TASK OBJECTIVE: Give the records again exactly, but drop the pictures.

------------------------------------

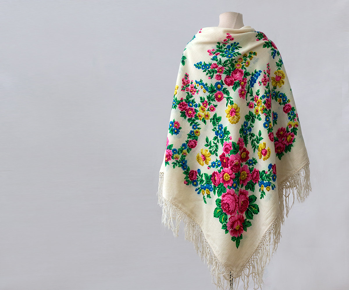Шаль шерстяная 150х150 с гирляндой из веночков по кайме и букетиками_Галереи художников
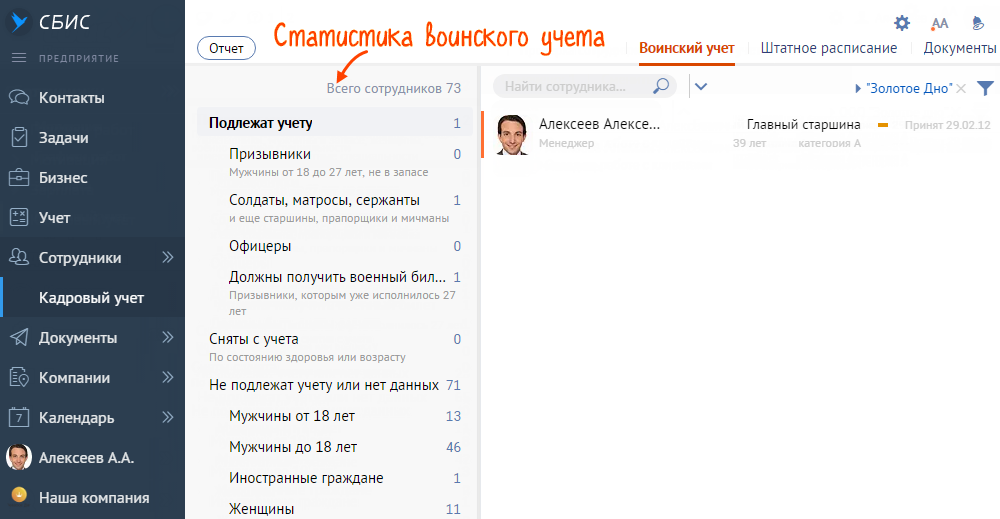 Воинский учет — весомая нагрузка для отдела кадров, и чем крупнее организация, тем сложнее его вести. Поможет СБИС: сдавать отчеты в военкомат, оповещать сотрудников и поддерживать актуальность сведений о военнообязанных будет проще.
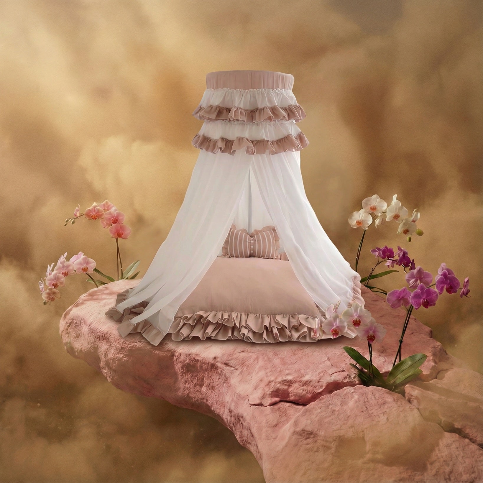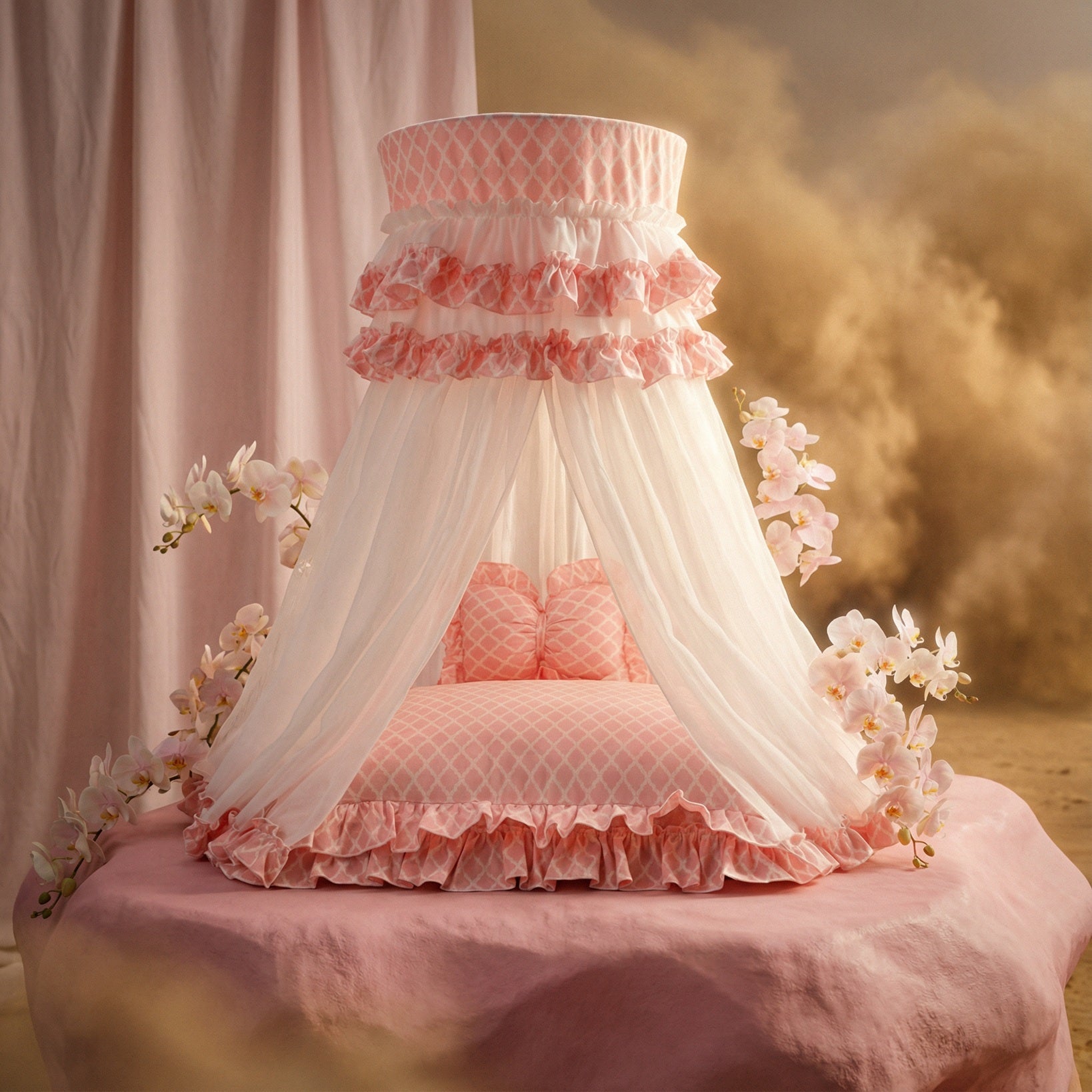 Exquisite luxury pet bed for dogs and cats featuring orthopedic comfort, handmade in Europe with baroque designer details, glamorous high-end customizable pet furniture by Aposentis. €350.00
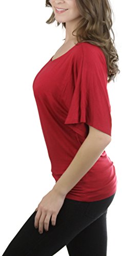 -. Feature : Soft lightweight cotton blend fabric. 95% Rayon, 5% spandex / Dolman/Batwing style blouse / Boat Neck Style / Banded bottom. / Variety of colors.
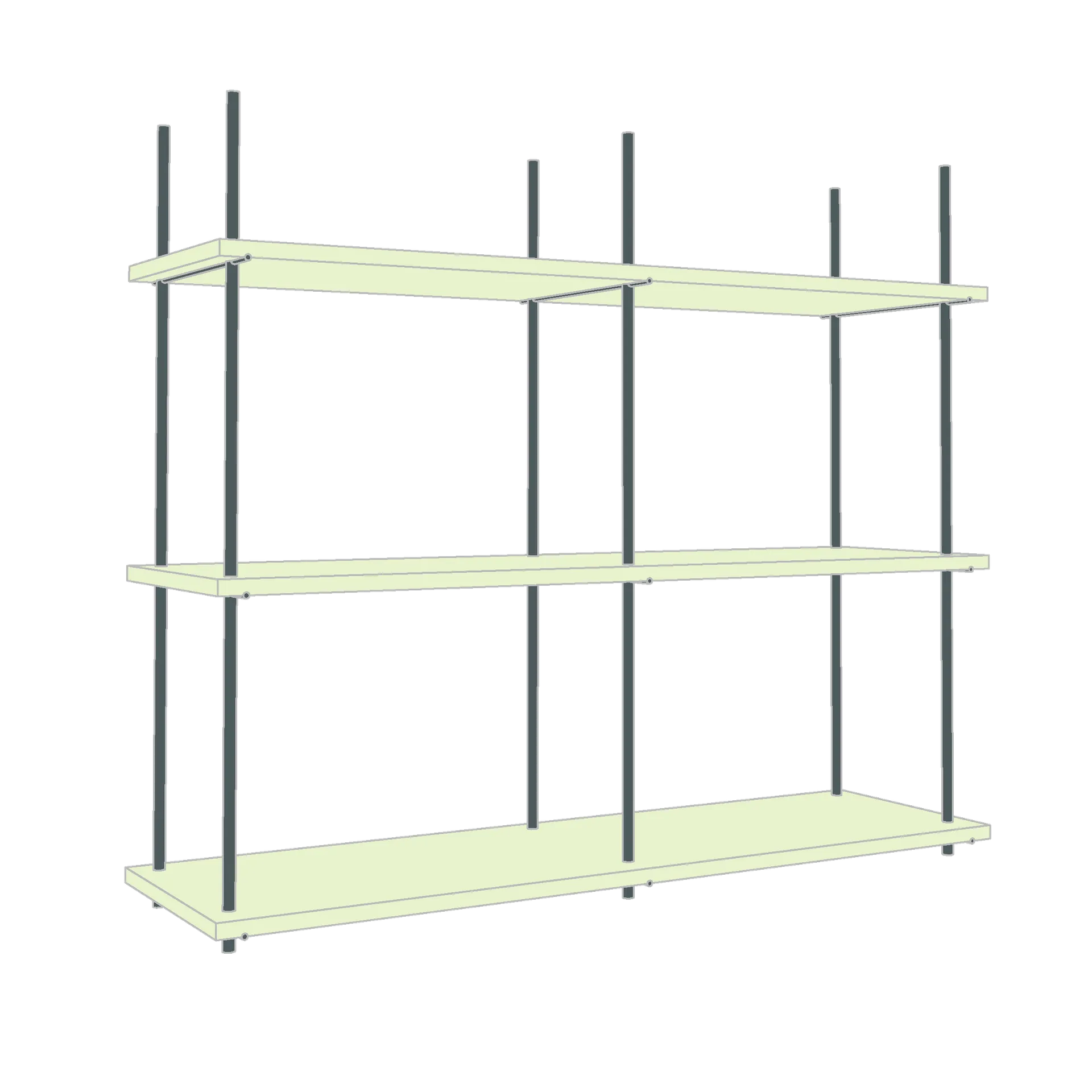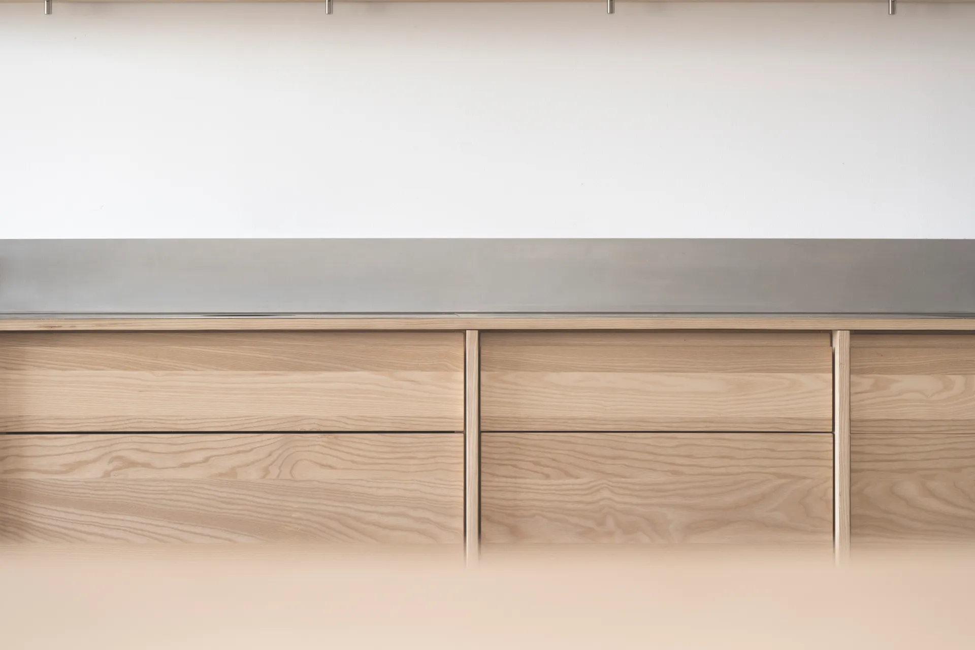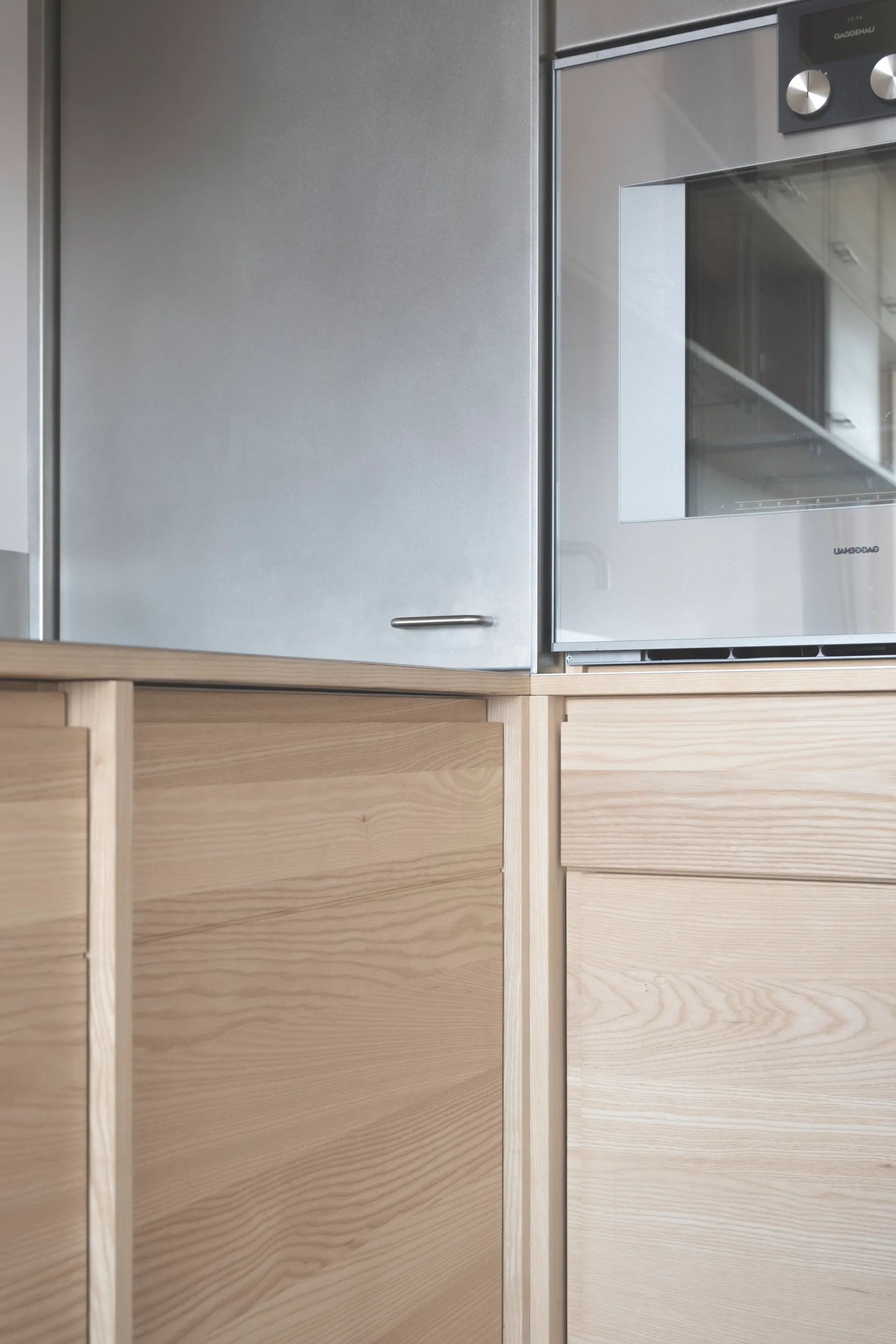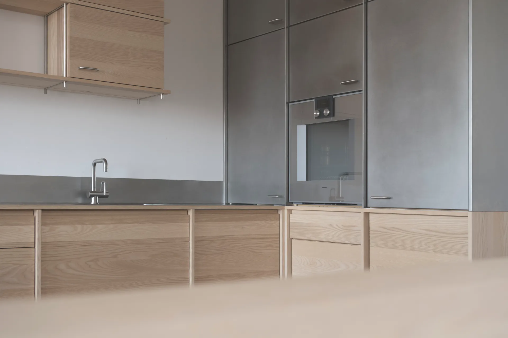 Das Regalsystem, sorgfältig aus Edelstahl und Esche gefügt; erlaubt auf die unterschiedlichen räumlichen Situationen zu reagieren und schafft dabei Kontinuität und Flexibilität.
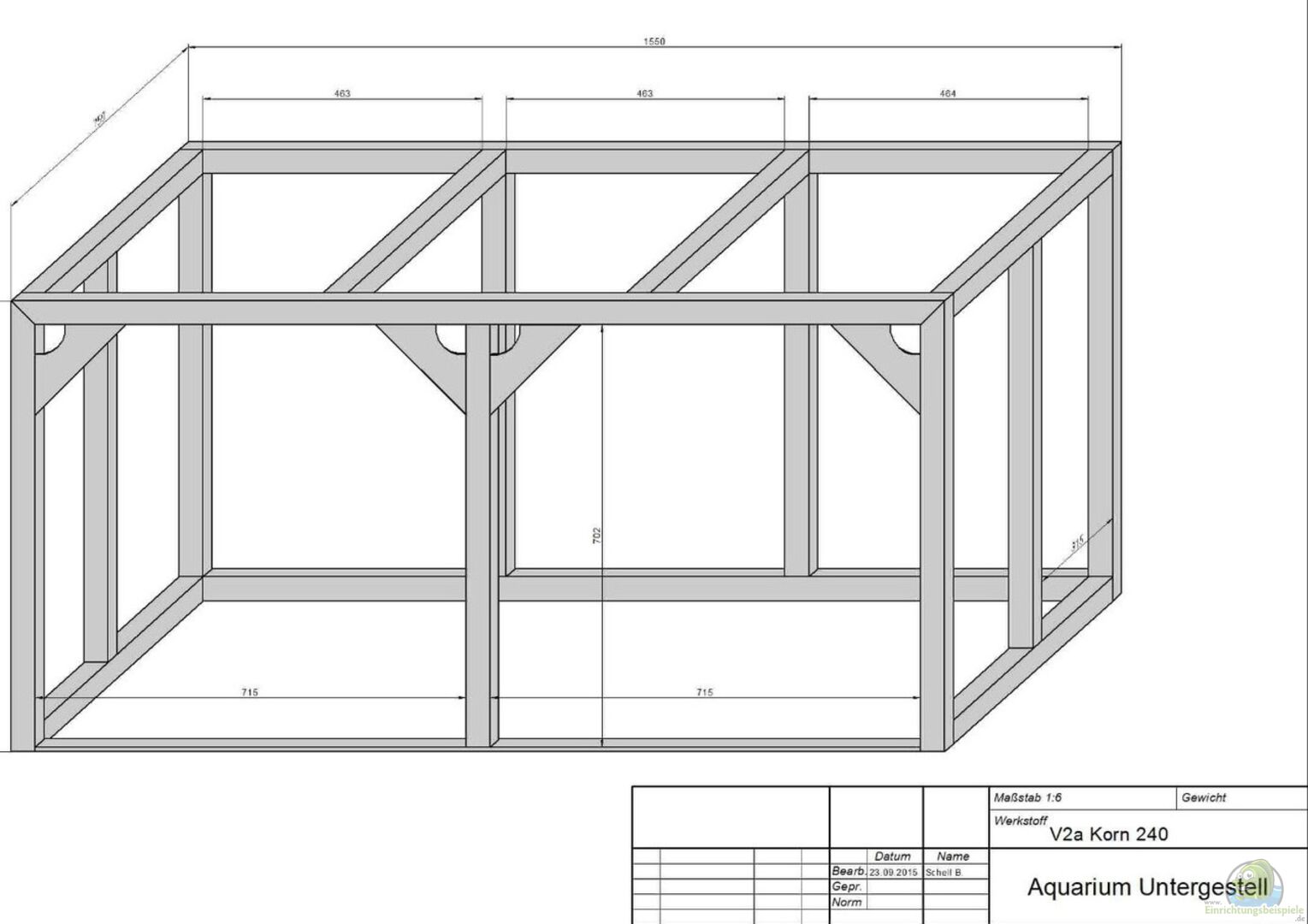 Becken von Brillant-Aquarium, 12mm Glasstärke, eine Querverstrebung, Wulstverklebung und wei??e Kiesblende. Die Abdeckung ist von Aquarienabdeckungen Runge (www.aquarienabdeckungen.com) und verfügt über 3 Klappen sowie 5 Bohrungen auf der Rückseite für Schläuche, Kabel etc. Die Unterkonstruktion ist selbstgebaut auf Stahl. Unter der Stahlkonstruktion befindet sich eine 4cm Küchenarbeitsplatte, ebenso zwischen Becken und Unterbau. Zudem wurde das Becken mit Schwerlastverankerungen [...]

------------------------------------

FINAL ANSWER:
Шаль шерстяная 150х150 с гирляндой из веночков по кайме и букетиками_Галереи художников
 Воинский учет — весомая нагрузка для отдела кадров, и чем крупнее организация, тем сложнее его вести. Поможет СБИС: сдавать отчеты в военкомат, оповещать сотрудников и поддерживать актуальность сведений о военнообязанных будет проще.
 Exquisite luxury pet bed for dogs and cats featuring orthopedic comfort, handmade in Europe with baroque designer details, glamorous high-end customizable pet furniture by Aposentis. €350.00
 -. Feature : Soft lightweight cotton blend fabric. 95% Rayon, 5% spandex / Dolman/Batwing style blouse / Boat Neck Style / Banded bottom. / Variety of colors.
 Das Regalsystem, sorgfältig aus Edelstahl und Esche gefügt; erlaubt auf die unterschiedlichen räumlichen Situationen zu reagieren und schafft dabei Kontinuität und Flexibilität.
 Becken von Brillant-Aquarium, 12mm Glasstärke, eine Querverstrebung, Wulstverklebung und wei??e Kiesblende. Die Abdeckung ist von Aquarienabdeckungen Runge (www.aquarienabdeckungen.com) und verfügt über 3 Klappen sowie 5 Bohrungen auf der Rückseite für Schläuche, Kabel etc. Die Unterkonstruktion ist selbstgebaut auf Stahl. Unter der Stahlkonstruktion befindet sich eine 4cm Küchenarbeitsplatte, ebenso zwischen Becken und Unterbau. Zudem wurde das Becken mit Schwerlastverankerungen [...]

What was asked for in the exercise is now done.